What we’ve actually seen has been a little bit different. For just over a month, I’ve been working on an AI Election Tracker with our features director Victoria Turk, compiling more than three dozen verified uses of AI in elections across the world in 2024. But while we can verify that AI was used in various cases, it’s harder to classify the cases as misinformation. We’ve seen dead politicians resurrected to campaign for their children and famous actors pulled into bogus endorsements, but it’s generally done with a wink and a nod. With voting drawing to a close this week, there’s a whole lot of parody and little actual malice.
That’s not to downplay the violent rhetoric at work in Modi’s campaign, which has put Muslims at risk and incited real-world violence. In some cases, that rhetoric has overlapped with generative AI tools, which has made it easier to spread the messages and raised the stakes for platforms when they fail to act swiftly in removing it. But the harm in those cases is clearly due to the hateful rhetoric itself, not the AI tools used to spread it. And when we focus solely on AI-generated content, as we have in the tracker, what we see is something significantly less dangerous.
This face-swap video is a perfect example.

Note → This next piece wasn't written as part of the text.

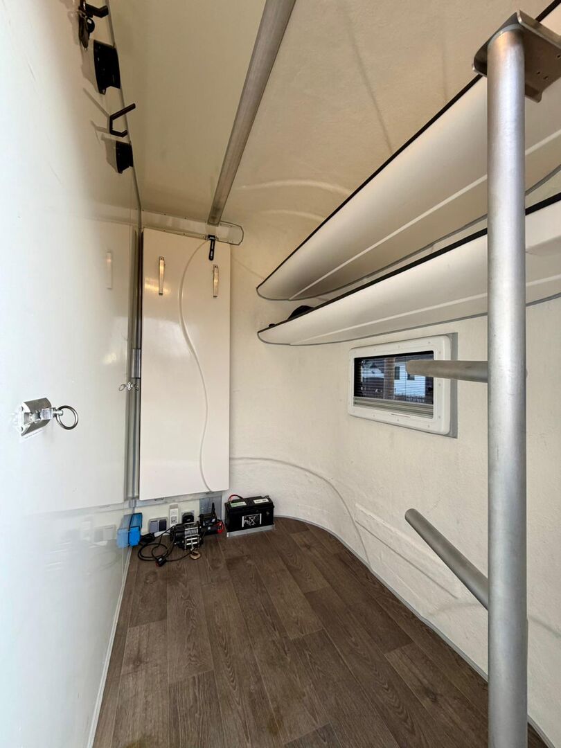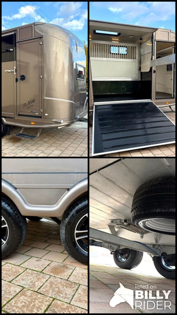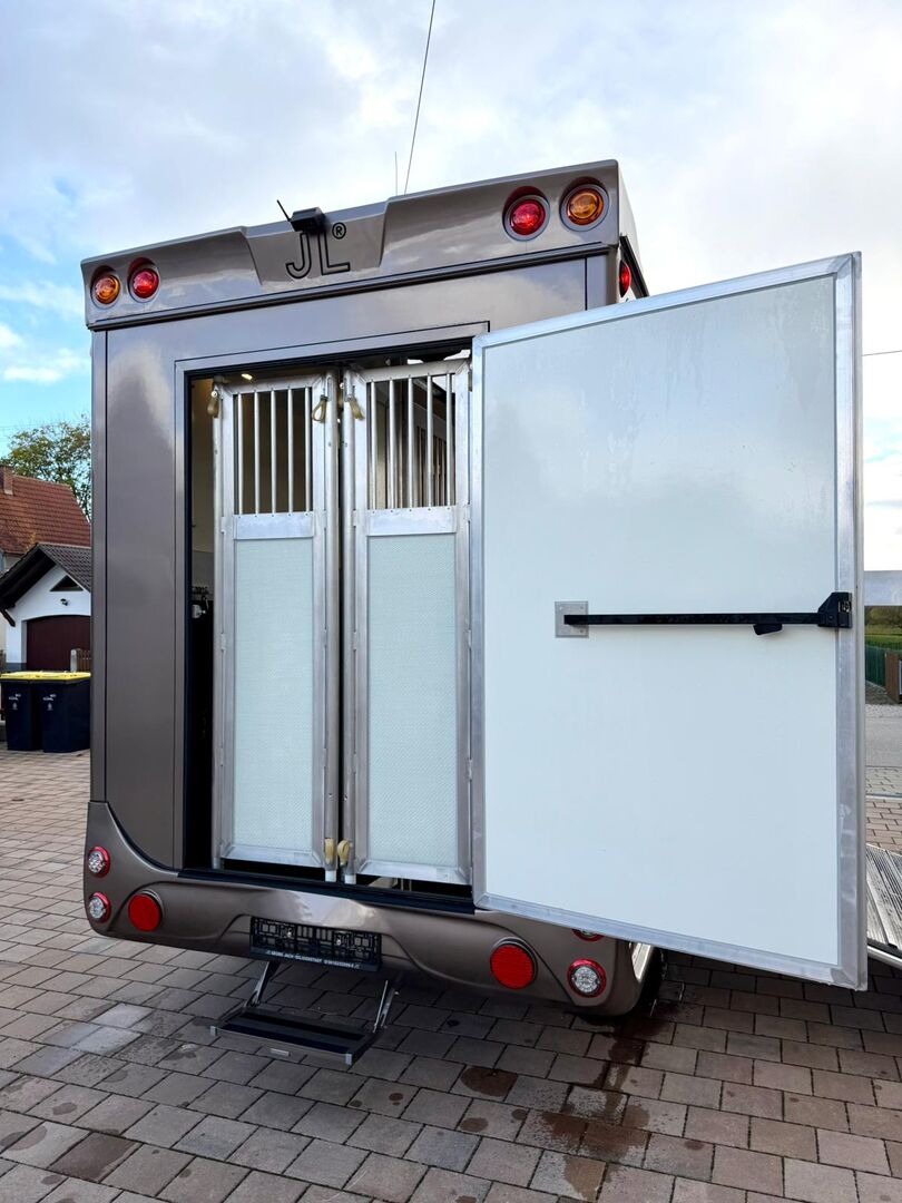 - First registration 01/2024 - Unladen weight 1215 kg - Permissible total weight 2700 kg - Max. drawbar load 150 kg - Side ramp - Stallion separation / stallion version - Roof hatch - Electric ventilation system in the horse compartment - 3 windows in the horse compartment - 2 folding steps - ALU FLOOR - Rubber floor - Sliding or completely removable partition wall - Tandem axle - Chassis with shock absorbers for 100 km/h approval - Step protection - LED lighting - Tail guard - Interior camera and reversing camera - Cable winch with battery for saddle locker - Drawbar guard - Alloy rims - Spare wheel

In broad strokes, it’s a classic case of misinformation: putting politically damaging words in the mouths of prominent politicians who didn’t actually say them. In this case, the video shows Rahul Gandhi, the leader of India’s main opposition party, criticizing a member of his coalition, making the whole political alliance seem like a shambling mess. (An American comparison might be Joe Biden complaining about Alexandria Ocasio-Cortez.)
But while the video would be politically damaging if it actually deceived voters, that doesn’t seem to be the point. The original, non-manipulated footage is from a prominent political speech that most Indian viewers would be aware of, which is not the kind of thing you’d do if you wanted to concoct a convincing fake. The effect is closer to trolling than outright deception, like a Saturday Night Live sketch or a grotesque political cartoon. Sure, it’s fake — but the fakery is the point.
Parodies of this kind are all over Facebook these days, and while they’re alarming in emergencies, it’s hard to say how platforms should respond to them during elections. For better or worse, a lot of democratic discourse consists of this kind of petty name-calling and baiting. That’s part of why platform policies at Meta and YouTube are careful to only prohibit “deceptive” content, rather than banning AI manipulations entirely. If Modi’s supporters want to watch him take the stage at a Lil Yachty concert, why shouldn’t they be able to?
To be clear, this isn’t an example of successful platform moderation. Even in cases where the content shouldn’t be removed, platforms should still be labeling it as AI-generated, as their own policies recommend. Most of the examples in the tracker aren’t labeled, despite significant public attention and days of lead time. It’s a clear sign that platforms still haven’t figured out how to recognize AI-generated content. The good news, then, is that failing to keep it in check may cause less damage than originally feared.